The simplest comparisons are between the first (5u51) and last (8-b92) columns. On the same hardware, the tests take 50% longer to run than the earlier set of tests. That's a somewhat unfair comparison, since we didn't have the same hardware back in 2005. My personal recollection is that running the tests used to take nearer to half an hour. But even if you allow that the tests may take 50% longer to run, in that time we run ...
  • Nearly 3 times as many tests (2436 vs. 845)
  • 450 times as many compilations (381301 vs.848)
  • Over 210,000 unit tests (591950-381301), compared to none before

The change in elapsed time from 5u51 (08:12.64) to 6u51 (03:02.82) is interesting and shows the benefit of changing from othervm mode to samevm mode.

The %CPU numbers are as reported by the Linux time command, and reflect the availability of multiple processors. Even in JDK 5, HotSpot was able to take advantage of multiple processors.

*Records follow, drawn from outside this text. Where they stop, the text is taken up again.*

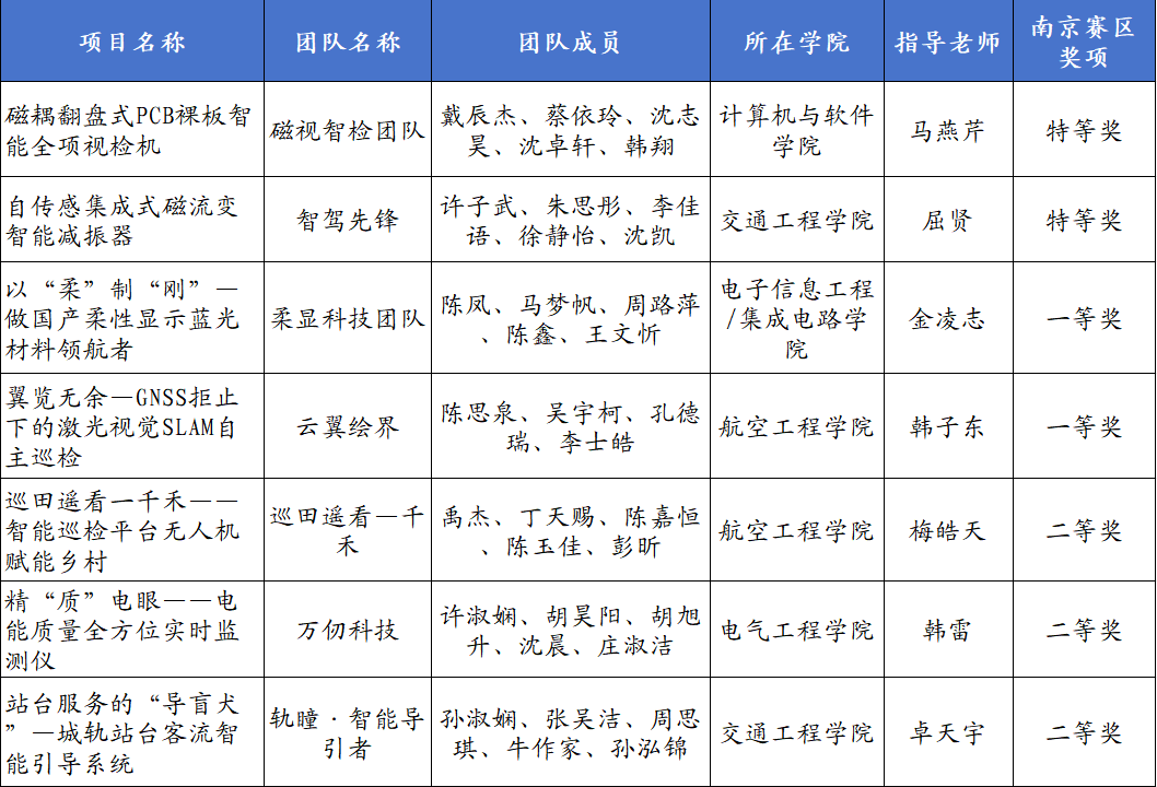 学校高度重视本项赛事,创新创业教育工作领导小组办公室牵头遴选优秀创新创业项目,做好项目辅导与赛事跟踪服务。本次比赛中,计算机与软件学院“磁视智检团队”(指导老师:马燕芹;成员:戴辰杰、蔡依玲、沈志昊、沈卓轩、韩翔)研发的《磁耦翻盘式PCB裸板智能全项视检机》项目,以及交通工程学院“智驾先锋”团队(指导老师:屈贤;成员:许子武、朱思彤、李佳语、徐静怡、沈凯)打造的《自传感集成式磁流变智能减振器》项目,凭借突出的创新性与实用性斩获特等奖,并获得晋级国赛资格。晋级国赛的团队将在8月代表中国青年创新力量和美国选手在总决赛中一较高下,成为推动中美关系健康发展的青年使者。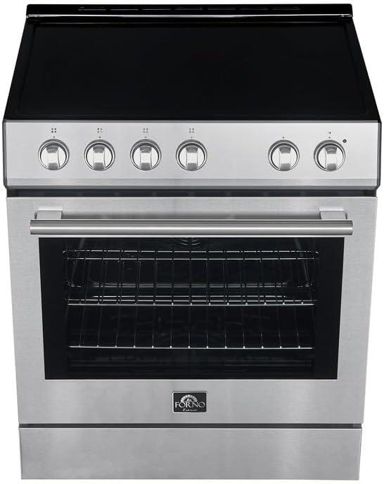 High-Performance Electric Range – FORNO Leonardo Espresso 30″ Stainless Steel Range FFSEL6012-30 with 5.0 cu. ft. convection oven (3,500W bake / 5,500W bake & broil), 4 radiant ceramic glass burners (7,100W total), stainless steel handles and finish, friction-resistant hinges, 2 oven racks, and hidden bake element for easy cleaning.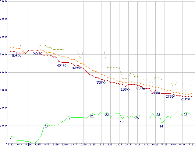 | HDS724040KLSA80 (400GB,8MB)の価格推移 | | | (2004年5月13日~2005年7月21日) |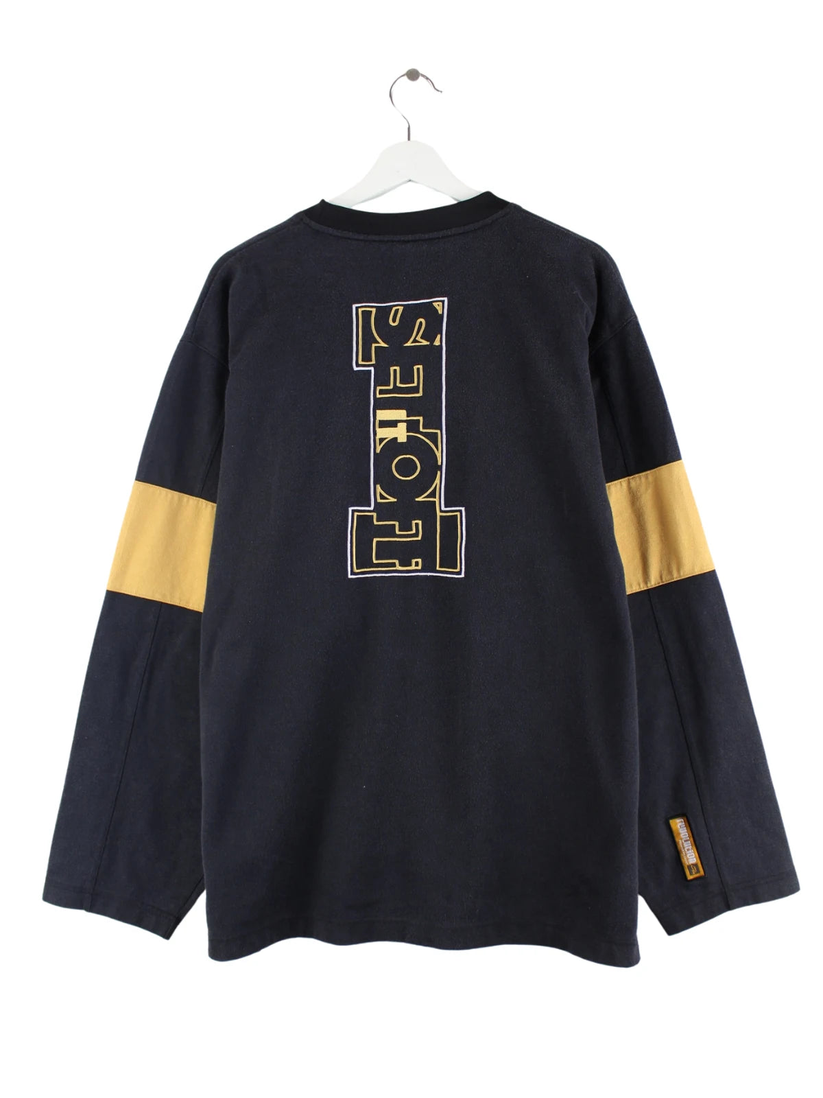 Schwarzer Sweater mit gesticktem Logo des Labels Nike in Größe XL. Er ist aus einer Baumwollmischung hergestellt und in gutem Zustand bei uns vorrätig.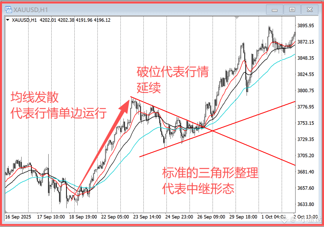 大家看下方的图表,只做均线发散,行情启动后清晰的三角形整理。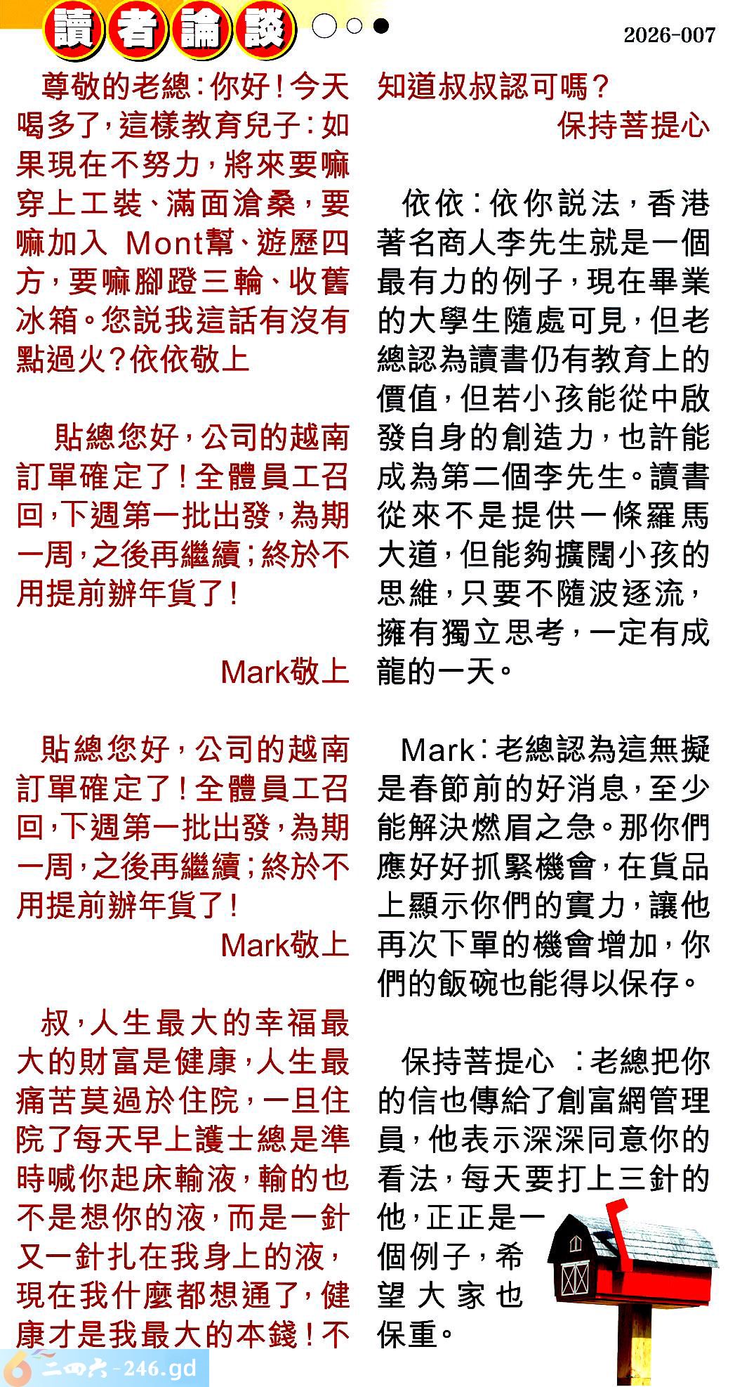 第007期讀者論談 1.尊敬的老總:你好!今天喝多了,這樣教育兒子:如果現在不努力,將來要嘛穿上工裝、滿面滄桑,要嘛加入幫、遊歷四方,要嘛腳蹬三輪、收善冰箱。您説我這話有沒有點過火?依依敬上 〖依依〗:依你説法,香港著名商人李先生就是一個最有力的例子,現在畢業的大學生隨處可見,但老總認為讀書仍有教育上的價值,但若小孩能從中啟發自身的創造力,也許能成為第二個李先生。讀書從來不是提供一條羅馬大道,但能夠擴闊小孩的思維,只要不隨波逐流,擁有獨立思考,一定有成龍的一天。 貼總您好,公司的越南訂單確定了!全體員工召回,下週第一批出發,為期一周,之後再繼續;終於不用提前辦年貨了!敬上 〖〗:老總認為這無擬是春節前的好消息,至少能解決燃眉之急。那你們應好好抓緊機會,在貨品上顯示你們的實力,讓他再次下單的機會增加,你們的飯碗也能得以保存。 叔,人生最大的幸福最大的財富是健康,人生最痛苦莫過於住院,一且住院了每天早上護士總是準時喊你起床輸液,輸的也不是想你的液,而是一針又一針扎在我身上的液,現在我什麼都想通了,健康才是我最大的本錢!不知道叔叔認可嗎?保持菩提心 〖保持菩提心〗:老總把你的信也傳給了創富網管理員,他表示深深同意你的看法,每天要打上三針的他,正正是一個例子,希区望大家也保重。

The higher numbers in more recent releases reflect that the tests too will take advantage of more processors, especially the tests in JDK 8.

What did we do?

The improvements are the results of a number of factors, which together can be summarized as "end to end TLC, to do more, in less time".

The following list is an overview of at least some of the steps we've taken along the way:

  • Fix jtreg samevm mode.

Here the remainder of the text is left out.